Abstract DEM (Distinct Element Method) models have found numerous applications in a number of engineering disciplines, such as material handling and transport, chemical, industrial, civil, mining and mineral processing. The thesis describes developments using PFC3D (Particle Flow Code in 3D) for simulating rock fragmentation by commercial explosives. Emphasis is on the realistic simulation of explosive detonation in the blasthole as well as the flow of explosive gas from the blasthole, through the fracture network and venting to the atmosphere. Detonation can be initialized at any point along discretized blastholes and proceed up or down the hole according to the Velocity of Detonation of the explosive. Each of the explosive properties (pressure, density, extent of reaction, energy and their time derivatives) is computed according to the conservation equations and the explosive equation of state at any point along the hole. At initiation, the product calculation begins at the sonic locus with input of the detonation product provided by the non-ideal detonation code Vixen-n. The Taylor wave is then computed as a function of the blasthole expansion, which depends on the rock mass response to loading.
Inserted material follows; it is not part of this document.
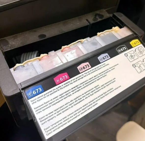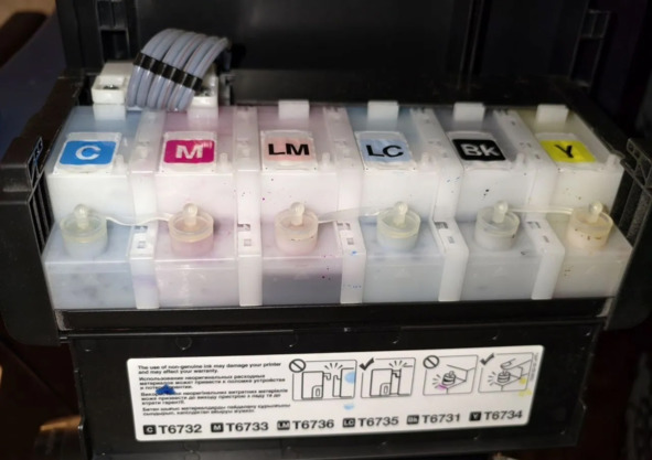 Примечание: для того, чтобы сохранить гарантию на принтер, Вам необходимо залить оригинальные чернила Epson и только после того, как они закончатся, переходить на совместимые чернила. Если Вы зальёте их при запуске нового принтера, в сервисном центре могут провести экспертизу состава чернил и на этом основании отказать Вам в гарантийном ремонте. Стоимость замены печатающей головки своими силами может оказаться сопоставима со стоимостью нового принтера.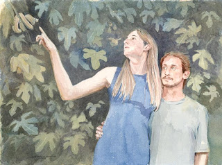 A very important event in a mother’s life is when their son gets married. A very important event in an artist’s life is when a close relative asks for a portrait of themselves and their new wife and the artist is not intimidated by the idea, but instead feels a wonderful challenge. I present to you my latest painting, of Megan and Tom Boothby. It symbolizes many things, the couple’s love for reptilian creatures, the beginning of their discovery of their relationship, and all the biblical connotations as well. This painting also illustrates for me the fact that I can paint, and I can capture likenesses of people as well.

The explosive gas is treated as a non-steady, compressible fluid and can flow through an arbitrary and evolving fracture network developed in the rock mass as a function of explosive loading. The fracture network (and flow paths) is defined by the coalescence of discrete macro-cracks. The gas has the effect of draining the blasthole and loading the fracture surface by its pressure and drag forces. Fracture intersection with free-surfaces is monitored and venting to the atmosphere is allowed. Validation of the fluid flow scheme is performed by comparing numeric results to analytic solutions for flow in shock tubes. The complete model is demonstrated by simulating stress only models, gas flow models and complete models of field-scale blasts.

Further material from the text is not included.